About this exercise - Copying rule for the data below: take the line containing "I stuen kan" and every line after it to the end, exactly, and drop all pictures.

Dataset content -
= Beginning of Section =
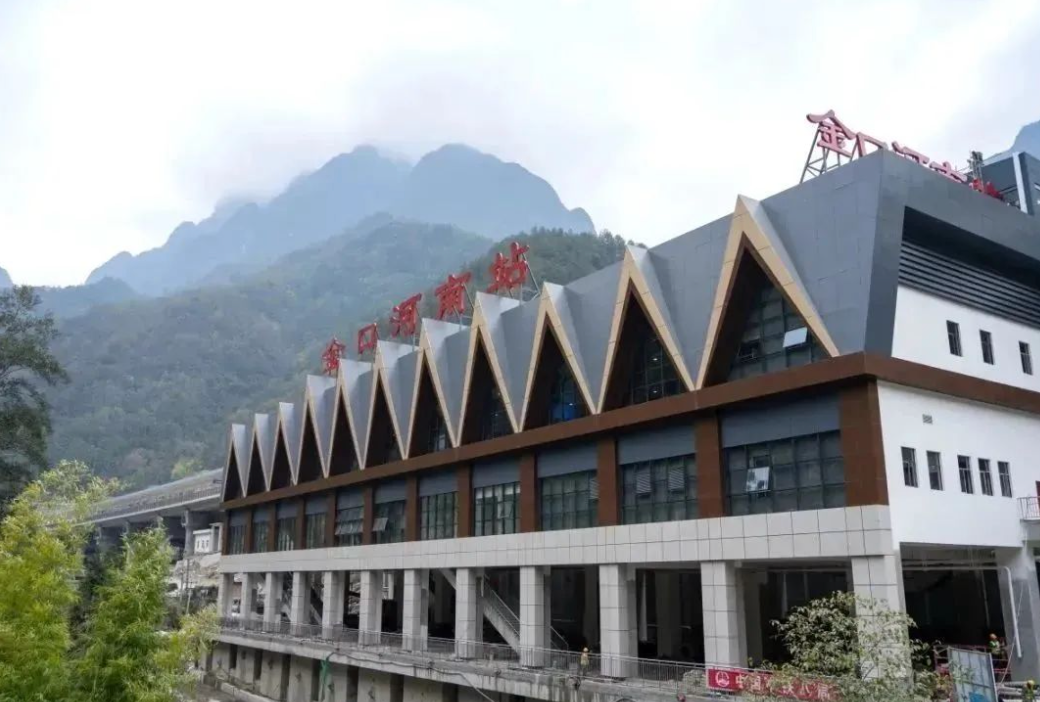 金口河南站位于乐山市金口河区共安彝族乡象鼻村。站房轮廓结合当地巍峨的山谷元素设计,建筑色彩从当地彝族传统服饰提炼而来,彰显地域文化。
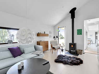 I stuen kan I synke ned i en komfortabel sofa og lade jer fortrylle af knitrende flammer i brændeovnen, mens I nyder jeres yndlingsprogram på den fladskærms-TV. Stuen inviterer til afslapning, familiehygge og vidunderlige øjeblikke. Huset byder desuden på tre rummelige soveværelser, hvoraf tre er udstyret med dobbeltsenge og det sidste med en hyggelig køjeseng. Dette fortryllende sommerhus har plads til op til seks gæster.
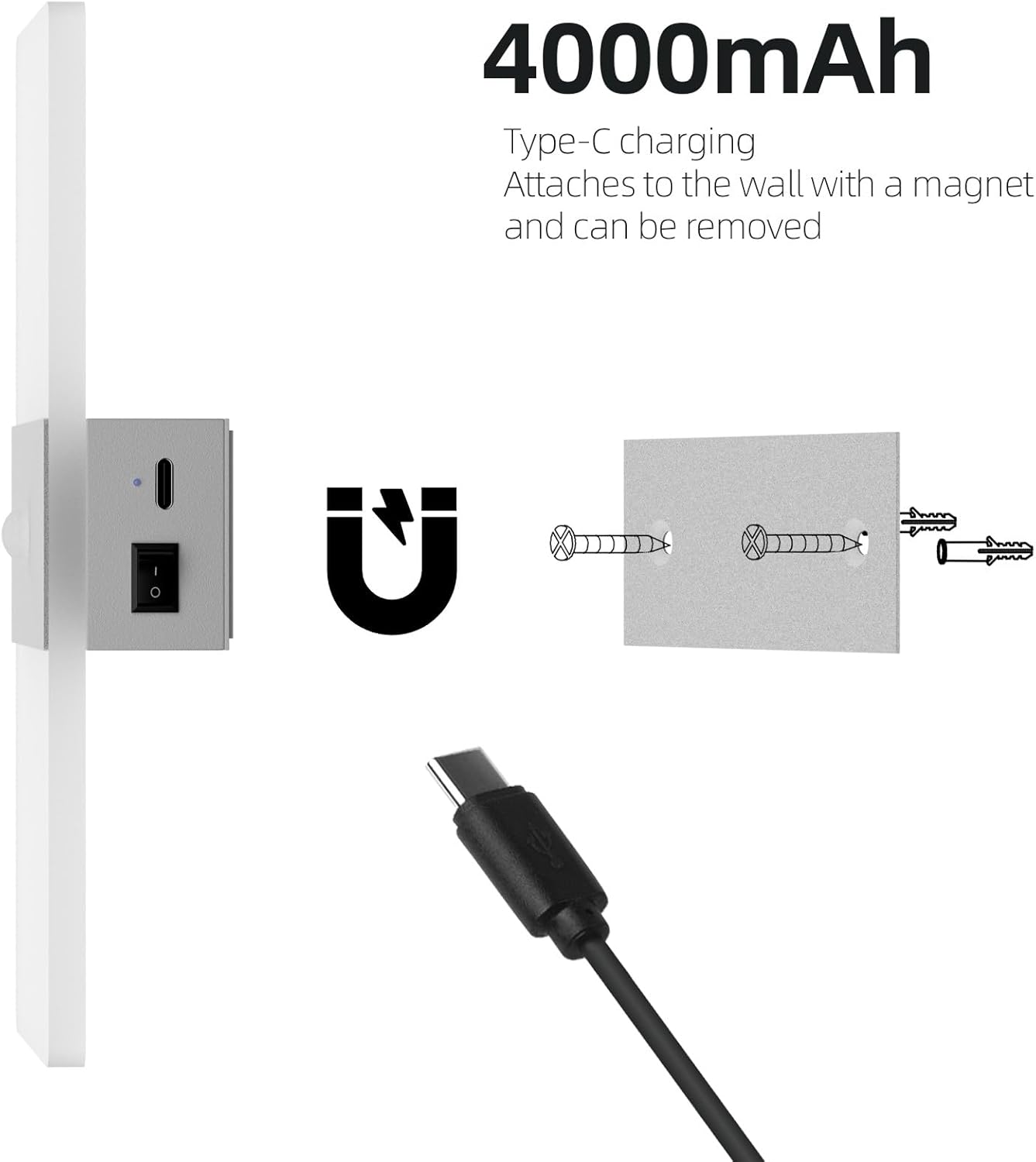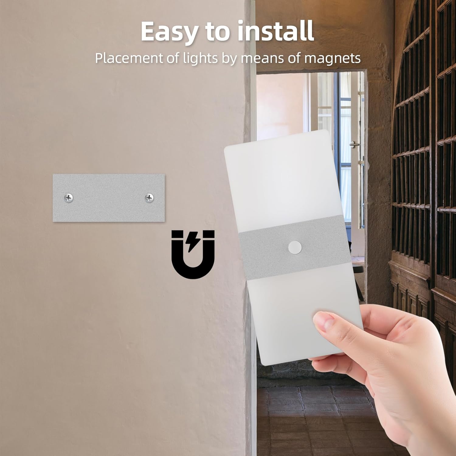 - 💡【Easy Installation】1.Use the included screws to secure the iron piece of the base to the wall.2.Magnetic adsorption, the battery wall light lamp body can be easily adsorbed to the base by the built-in magnet, so it can be effortlessly mounted on any iron surface.
= End of Section =
Answer to the problem -
 I stuen kan I synke ned i en komfortabel sofa og lade jer fortrylle af knitrende flammer i brændeovnen, mens I nyder jeres yndlingsprogram på den fladskærms-TV. Stuen inviterer til afslapning, familiehygge og vidunderlige øjeblikke. Huset byder desuden på tre rummelige soveværelser, hvoraf tre er udstyret med dobbeltsenge og det sidste med en hyggelig køjeseng. Dette fortryllende sommerhus har plads til op til seks gæster.
 - 💡【Easy Installation】1.Use the included screws to secure the iron piece of the base to the wall.2.Magnetic adsorption, the battery wall light lamp body can be easily adsorbed to the base by the built-in magnet, so it can be effortlessly mounted on any iron surface.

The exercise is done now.